=== Begin Enclosure ===

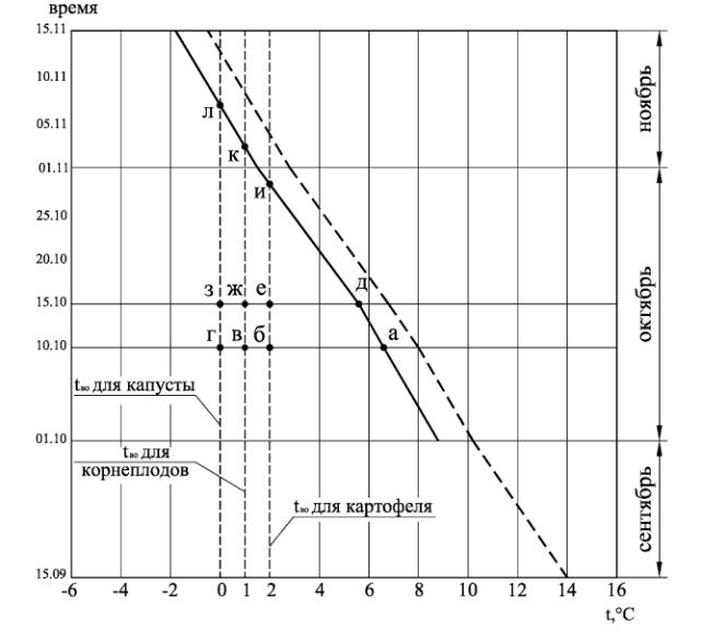 рис. 2), для корнеплодов и капусты в начале ноября (точки к, л на рис. 2)
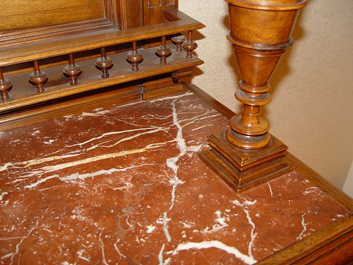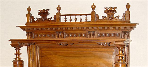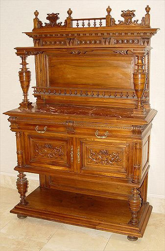 VICTORIAN CARVED WALNUT & MARBLE SIDE CABINET: Intricate carvings and spindles throughout. Plate rail between upper shelf and recessed marble top. 2 drawers over cabinet doors over open shelf at the base. Measures 6' tall x 47'' wide x 20'' deep.
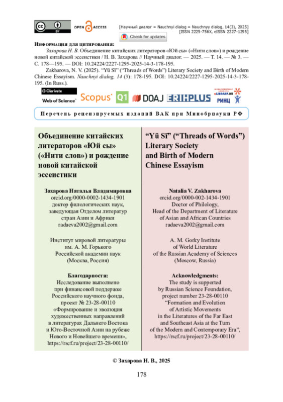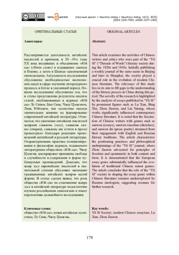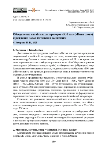 Рассматривается деятельность китайских писателей и критиков, в 20—30-е годы ХХ века входивших в объединение «Юй сы» («Нити слов») и издававших сначала в Пекине, а затем в Шанхае одноименный еженедельник. Актуальность исследования обусловлена необходимостью восполнения лакун в сфере изучения литературного процесса в Китае в указанный период. Новизна исследования обусловлена тем, что в статье представлены результаты анализа статей, опубликованных в журнале «Юй сы» Лу Синем, Бин Синь, Чжоу Цзожэнем, Линь Юйтанем, чья эссеистика оказала значительное влияние на формирование современной китайской литературы. Отмечается, что увлечение китайских писателей жанрами саньвэнь (эссе), саньвэнь сяошо (очерки), саньвэнь ши (стихи в прозе) происходило благодаря рецепции произведений английской и русской литературы. Охарактеризована практика позиционирования и философии журнала, издаваемого литературным обществом «Юй сы»: Чжоу Цзожэнь декларировал принципы свободы и случайности в содержании и форме публикуемых произведений. Доказано, что жанр эссе европейских писателей в значительной степени обусловил эволюцию традиционных китайских жанров малой формы. В статье сделан вывод, что роль общества «Юй сы» на становление жанра эссе в китайской литературе недостаточно изучена российскими синологами и имеет перспективы дальнейшего исследования.
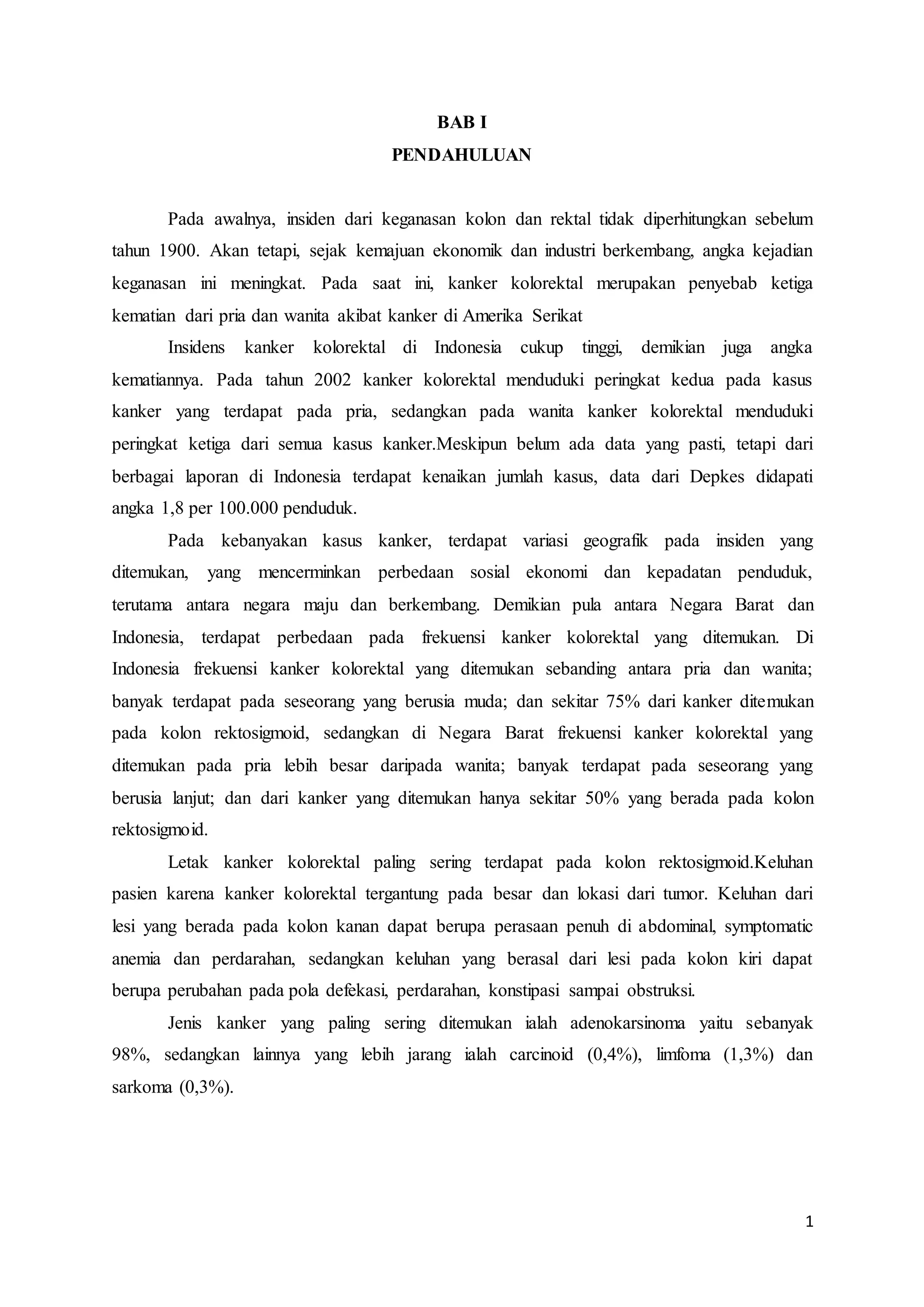 Kanker kolorektal merupakan penyebab kematian ketiga bagi pria dan wanita di AS dan memiliki insiden tinggi di Indonesia, dengan faktor risiko termasuk usia di atas 40 tahun dan adanya riwayat keluarga. Jenis kanker yang paling umum adalah adenokarsinoma, dan kebanyakan kasus terjadi pada kolon rektosigmoid. Diet tinggi serat dapat menurunkan risiko, sementara konsumsi daging merah meningkatkan risiko kanker kolorektal.
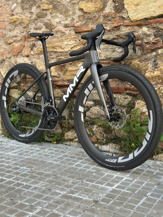 Bicicleta de gravel custom. Cuadro bxt 135 gravel con manillar integrado full carbon. Grupo inalámbrico Sram Rival 1x12 desarrollo 40-10/44. Llantas CSC 45mm con buje cerámico. Neumáticos Hutchinson Tuareg 40 tubelizados. Sillín 3d de carbono. Peso total 8'7 kg. Talla 49 equivalente a S/XS Solo 3 salidas literalmente total unos 70 kilómetros.
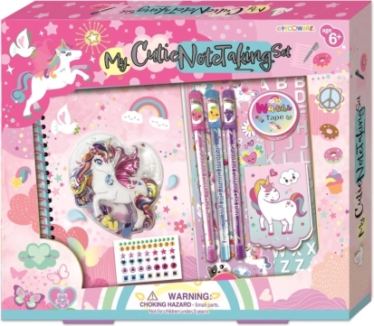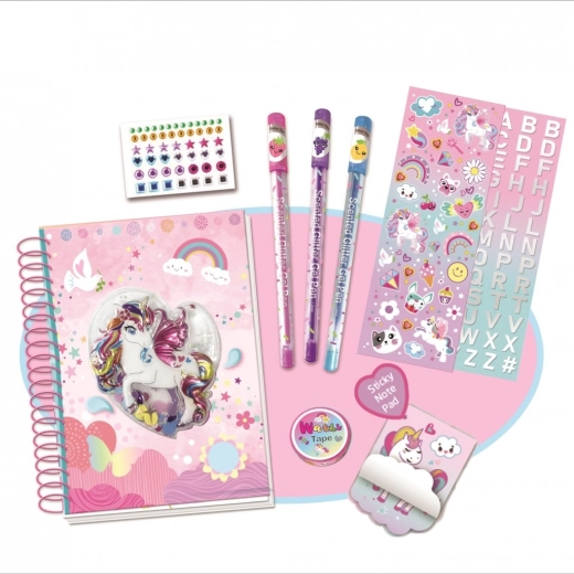 Ustvarite svoj ustvarjalni svet z barvnim kompletom samoroga, ki vsebuje dnevnik, bleščeča dišeča peresa in komplet nalepk za otroke od 6 let dalje.

=== End Enclosure ===

### What to work on:
When you repeat the material above, keep every word exact and leave out the pictures.

### Result below:
 рис. 2), для корнеплодов и капусты в начале ноября (точки к, л на рис. 2)
 VICTORIAN CARVED WALNUT & MARBLE SIDE CABINET: Intricate carvings and spindles throughout. Plate rail between upper shelf and recessed marble top. 2 drawers over cabinet doors over open shelf at the base. Measures 6' tall x 47'' wide x 20'' deep.
 Рассматривается деятельность китайских писателей и критиков, в 20—30-е годы ХХ века входивших в объединение «Юй сы» («Нити слов») и издававших сначала в Пекине, а затем в Шанхае одноименный еженедельник. Актуальность исследования обусловлена необходимостью восполнения лакун в сфере изучения литературного процесса в Китае в указанный период. Новизна исследования обусловлена тем, что в статье представлены результаты анализа статей, опубликованных в журнале «Юй сы» Лу Синем, Бин Синь, Чжоу Цзожэнем, Линь Юйтанем, чья эссеистика оказала значительное влияние на формирование современной китайской литературы. Отмечается, что увлечение китайских писателей жанрами саньвэнь (эссе), саньвэнь сяошо (очерки), саньвэнь ши (стихи в прозе) происходило благодаря рецепции произведений английской и русской литературы. Охарактеризована практика позиционирования и философии журнала, издаваемого литературным обществом «Юй сы»: Чжоу Цзожэнь декларировал принципы свободы и случайности в содержании и форме публикуемых произведений. Доказано, что жанр эссе европейских писателей в значительной степени обусловил эволюцию традиционных китайских жанров малой формы. В статье сделан вывод, что роль общества «Юй сы» на становление жанра эссе в китайской литературе недостаточно изучена российскими синологами и имеет перспективы дальнейшего исследования.
 Kanker kolorektal merupakan penyebab kematian ketiga bagi pria dan wanita di AS dan memiliki insiden tinggi di Indonesia, dengan faktor risiko termasuk usia di atas 40 tahun dan adanya riwayat keluarga. Jenis kanker yang paling umum adalah adenokarsinoma, dan kebanyakan kasus terjadi pada kolon rektosigmoid. Diet tinggi serat dapat menurunkan risiko, sementara konsumsi daging merah meningkatkan risiko kanker kolorektal.
 Bicicleta de gravel custom. Cuadro bxt 135 gravel con manillar integrado full carbon. Grupo inalámbrico Sram Rival 1x12 desarrollo 40-10/44. Llantas CSC 45mm con buje cerámico. Neumáticos Hutchinson Tuareg 40 tubelizados. Sillín 3d de carbono. Peso total 8'7 kg. Talla 49 equivalente a S/XS Solo 3 salidas literalmente total unos 70 kilómetros.
 Ustvarite svoj ustvarjalni svet z barvnim kompletom samoroga, ki vsebuje dnevnik, bleščeča dišeča peresa in komplet nalepk za otroke od 6 let dalje.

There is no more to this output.